Publication Date : 09-10-2012


Pakistan is paying more than US$206 million on import of 88 commodities in the sensitive list under the South Asia Free Trade Agreement or Safta, which can be imported at a lower price from neighbouring countries, especially India.

The country’s high number of items in the sensitive list therefore restricts the flow of trade with its neighbouring countries under Safta, according to a report titled "Cost of Economic Non-Cooperation to Consumers in South Asia", conducted by CUTs International, a copy of which is available with Dawn.

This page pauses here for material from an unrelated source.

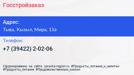 Госстройзаказ по адресу Тыва, Кызыл, Мира, 15а в дальнейшем Организация, размещена в следующих категориях:

If Pakistan reduces items in its sensitive list, the maximum benefits will be accrued from direct imports from India, which stood at 98.89 per cent.

In case Pakistan allowed import of these commodities from South Asian countries such as India, Nepal, Bangladesh and Sri Lanka it could save an additional amount on imports non-regional countries.

The import of pharmaceutical products alone stands at 84.72 per cent, and Pakistan is paying far more through importing from other than South Asian countries.

The share of electrical, electronic equipment is 13.79 per cent, which again are imported at higher cost from non-regional countries.

On the whole, South Asian countries could save at least $2 billion per year on trading a range of products that have both high intra-regional trade potential, which is a conservative estimate and gains are likely to be much higher.

In the case of Pakistan, the results showed a selection of 44 products line from its sensitive list with an aggregate saving of $206.18 million, which is close to 60 per cent of its current import bills on the selected product categories.

For India the results for trading with South Asian countries especially with Pakistan stood at $598 million.

As per the study, India is paying $545 million more on imports of 63 products that it is not importing from Pakistan. The import of these products from Pakistan could mean a saving of more than $545 million for the Indian exchequer.

An interesting fact is that more than 90 per cent of benefits could have been accrued in case of import of plastic-based articles from Pakistan.

This shows that export of plastic products have great potential in India but largely remains untapped.

Similarly, Bangladesh could have saved more than $227.01 million on the import of 14 products had it imported from Pakistan.

At the same time, Nepal is paying more than $255.04 million on imports of 20 items which could have been imported at much lower rate from Pakistan.